HCWH is an international coalition of more than 470 organizations in 52 countries, working to transform the health care sector worldwide, without compromising patient safety or care, so that it is ecologically sustainable and no longer a source of harm to public health and the environment. For more information on HCWH-Southeast Asia, see www.noharm.org.ph.

Sonia G. Astudillo, +63 918 9182369, sonia@hcwh.org / Merci Ferrer, + 63 920 9056113, merci@hcwh.org

Notes:
(1) Impounded health budget includes P100 million for the purchase of autoclave machines for infectious medical waste treatment, P400 million for tuberculosis program and P1.82 billion for family health.

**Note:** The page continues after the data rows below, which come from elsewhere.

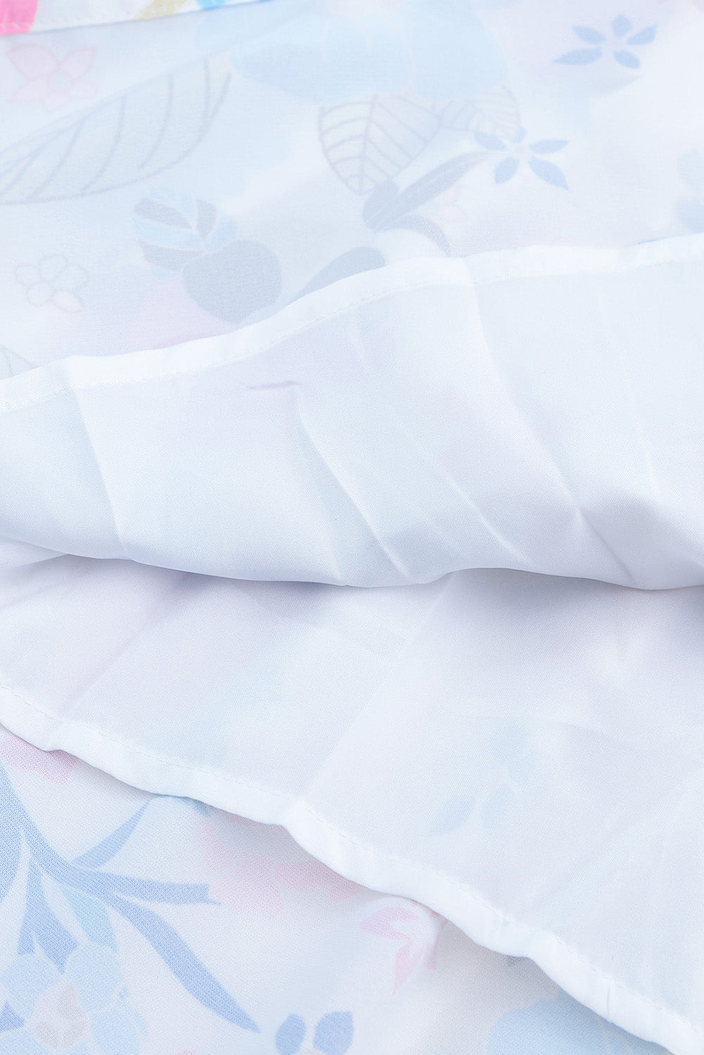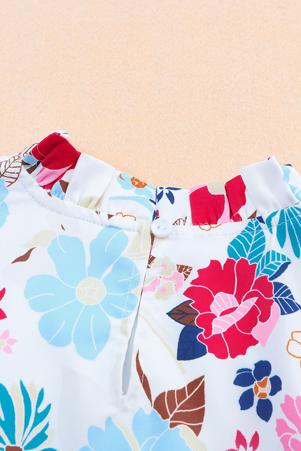 White Frill Mock Neck Sleeveless Tiered Floral Dress
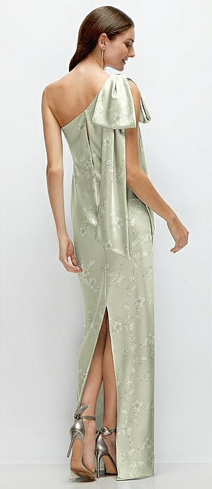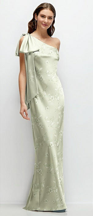 One-Shoulder Bias-Cut Floral Satin Maxi Dress with Cascading Shoulder Bow in vintage primrose celadon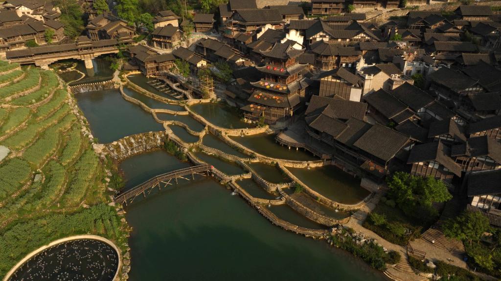 4月11日拍攝的貴州省遵義市播州區(qū)烏江寨景區(qū)一角(無人機照片)。新華社記者楊楹攝
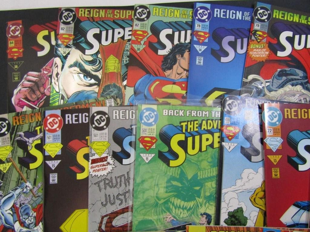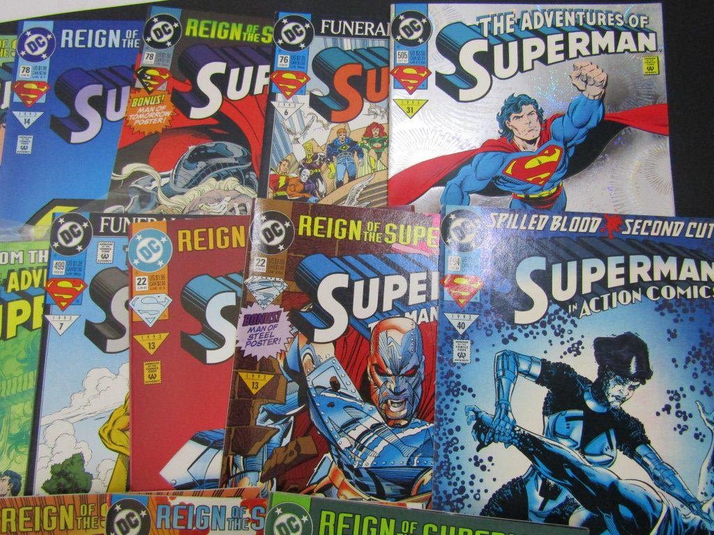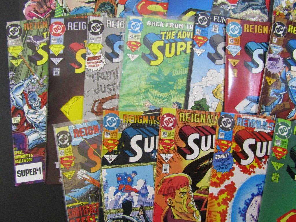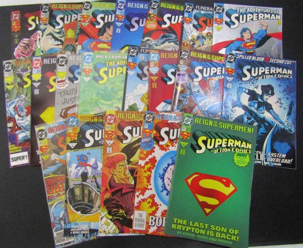 Superman #’s 76, 78(x2), 82(x2), 84; The Adventures of Superman #’s 499, 500, 501 (x2), 504, 505; Superman The Man of Steel #22(x2); Superman In Action Comics #’s 687 (x2), 688, 689, 691, 694; Includes Few Double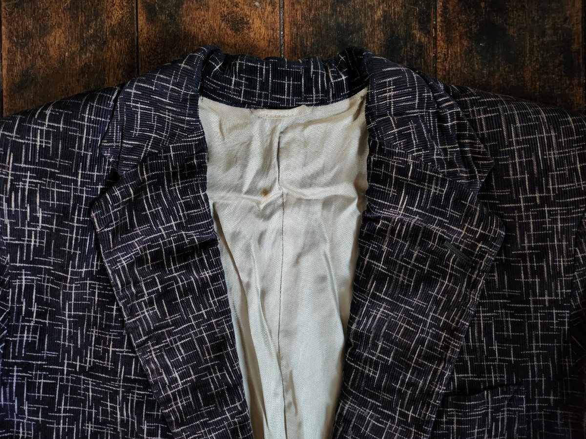 > コーズ ★ 50 s プリント コーデュロイ テーラー ラペル ジャケット 幾何学 アトミック カスリ ビンテージ ブレザー サック コート シャツ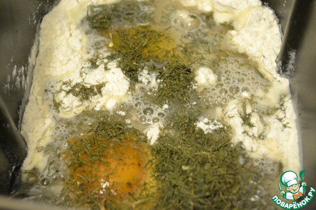 Из муки, дрожжей, 3 яиц, соли, сахара, укропа и воды замесить тесто. Я доверила это дело своей помошнице - хлебопечке.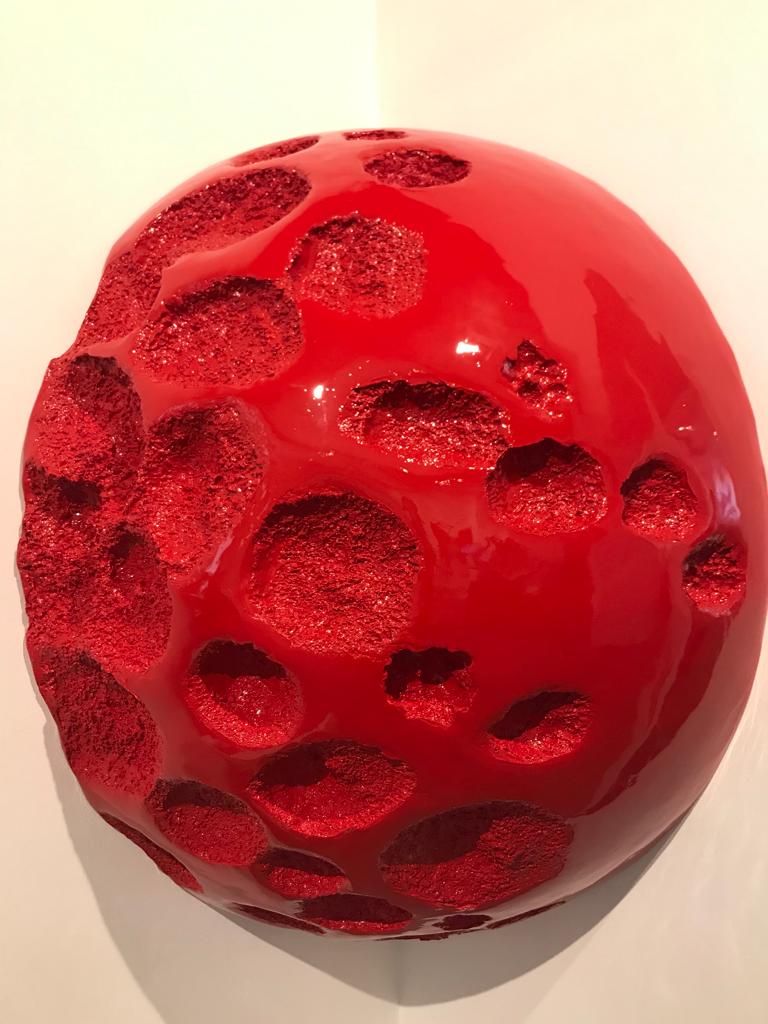 Se la forma è il limite visibile che si dà alle cose per nominarle, la macchia è il sintomo della natura sostanziale della materia, il magma primigenio che le abita dall’interno. Il passaggio dalla forma alla sostanza è reso possibile, oltre che da un’apertura concreta e metaforica, anche da una conciliazione delle opposizioni, che Beatrice Gallori sviluppa in tutto il percorso espositivo. Così come in “Cell-Code”, sulla cui superficie specchiante e convessa si aprono delle concavità dalla porosità inaspettata.

(2) Signatories include public health specialist and Executive Director of Physicians for Social Responsibility (PSR)-Kenya Dr. Paul Saoke and PSR-San Francisco Bay Area President Dr Robert M. Gould, Institute for Zero Waste in Africa- South Africa National Coordinator Muna Lakhani, Desmond D’Sa of the South Durban Community Environmental Alliance in South Africa, Rico Euripidou of groundwork-Friends of the Earth-Africa, Uganda Network on Toxic Free Malaria Control Sec-Gen Ellady Muyambi and Pro-biodiversity Conservationist in Uganda Coordinator Robert Tumwesigye Baganda, Director of Centro de Analisis y Accion en Toxicos y sus Alternativas (CAATA) in Mexico Fernando G. Bejarano, Cecilia Allen of Global Alliance for Incinerator Alternatives-Latin America, Institute for Sustainable Future-US Executive Director Jamie Harvie and Green Guide for Health Care’s Janet Brown, Center for Public Health and Environmental Development-Nepal Executive Director Ram Charita Sah, Aquene Freechild of the International Campaign for Justice in Bhopal, and HCWH Boston Regional Director Bill Ravensi, HCWH Co Executive Director Anna Gillmore-Hall and HCWH International Team Coordinator Josh Karliner.

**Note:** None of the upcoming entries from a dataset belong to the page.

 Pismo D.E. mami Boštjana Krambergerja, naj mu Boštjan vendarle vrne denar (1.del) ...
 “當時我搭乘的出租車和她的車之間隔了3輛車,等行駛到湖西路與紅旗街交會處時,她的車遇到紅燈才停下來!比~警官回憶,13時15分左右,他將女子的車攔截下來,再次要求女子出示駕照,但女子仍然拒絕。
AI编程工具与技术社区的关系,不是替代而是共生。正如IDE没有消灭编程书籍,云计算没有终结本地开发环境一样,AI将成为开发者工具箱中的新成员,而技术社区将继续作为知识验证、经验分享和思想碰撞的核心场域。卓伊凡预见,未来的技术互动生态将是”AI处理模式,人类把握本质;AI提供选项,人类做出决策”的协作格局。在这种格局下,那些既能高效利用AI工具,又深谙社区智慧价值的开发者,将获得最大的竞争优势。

(3) Global Temperature Change,”by James Hansen et al, PNAS 2006 103: 14288-14293.

(4) a) Inter-annual variations in climatic and environmental conditions in Austria affect outbreaks of Ross River virus disease. (b) Increase in malaria in the eastern African highlands is associated with local warming. (c) Tick-borne encephalitis in Sweden has reportedly increased in response to succession of warmer winters over two decades. (d) Changes in the intensity of the El Nino cycle and its frequency have been accompanied by a strengthening of the relation between the cycle and cholera outbreaks in Bangladesh. (e) Studies in South Asia and South America documented the association of malaria outbreaks with the ENSO cycle.